# Mikrofon rauscht nur -.-



## Thoor (9. März 2010)

Hallo

*gegen vista schachtel tret*

so....

ich hab folgendes problem:

seit ich diese hässliche kleine *************** von ************** (auch vista genannt) habe funktioniert mein mikrofon nichtmehr, egal welche einstellung mein mikrofon RAUSCHT nur, mal lauter, mal leiser, egal ob skype, ventrillo ts2, ts3 etc... in der systemsteuerung wirds erkannt aber auch dort kommt nur rauschen... ich hab jetzt sämtliche einstellungen durch, treiber zu soundmax integrated digital hd audio gedöns find ich leider nicht, ich glaub aber auch nicht das es an dem liegt...

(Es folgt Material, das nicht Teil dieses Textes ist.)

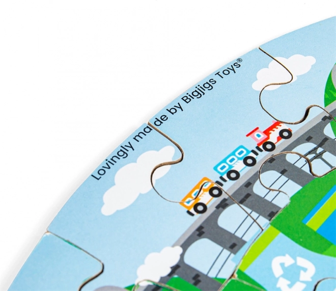 Fedezze fel a fenntarthatóság játékos útját a BIGJIGS TOYS kör alakú fa puzzle-jével, az Újrahasznosítással. A színes illusztrációk szemléletesen mutatják meg a gyerekeknek, mit és hogyan kell helyesen szelektálni, és miért fontos az újrahasznosítás. A puzzle fejleszti a türelmet, a logikus gondolkodást és a finommotorikát, 3 éves kortól ideális.

kann mir hier jemand helfen.. >.<


----------



## Blut und Donner (9. März 2010)

Das liegt aber nicht an Vista, sondern ist ein Fehler von dir.
Man muss die die Mikrofonklinke auch richtig reindrücken xD
ne Witz, schau mal ob du nicht iwas falsch eingestellt hast in den SOundsettings
ich hab übrigens auch vista und mein neues 5.1 mikro funktioniert 1a


----------



## Thoor (9. März 2010)

Blut schrieb:


> Das liegt aber nicht an Vista, sondern ist ein Fehler von dir.
> Man muss die die Mikrofonklinke auch richtig reindrücken xD
> ne Witz, schau mal ob du nicht iwas falsch eingestellt hast in den SOundsettings
> ich hab übrigens auch vista und mein neues 5.1 mikro funktioniert 1a



>.< das mikrofon wird ja erkannt und aufgeführt nur funktionierts nicht, ich hab jetzt wirklich alle einstellungen durchprobiert... und nen treiber find ich auch nicht >.<


----------



## Thoor (9. März 2010)

Nerf mighty doppelpost -.-


----------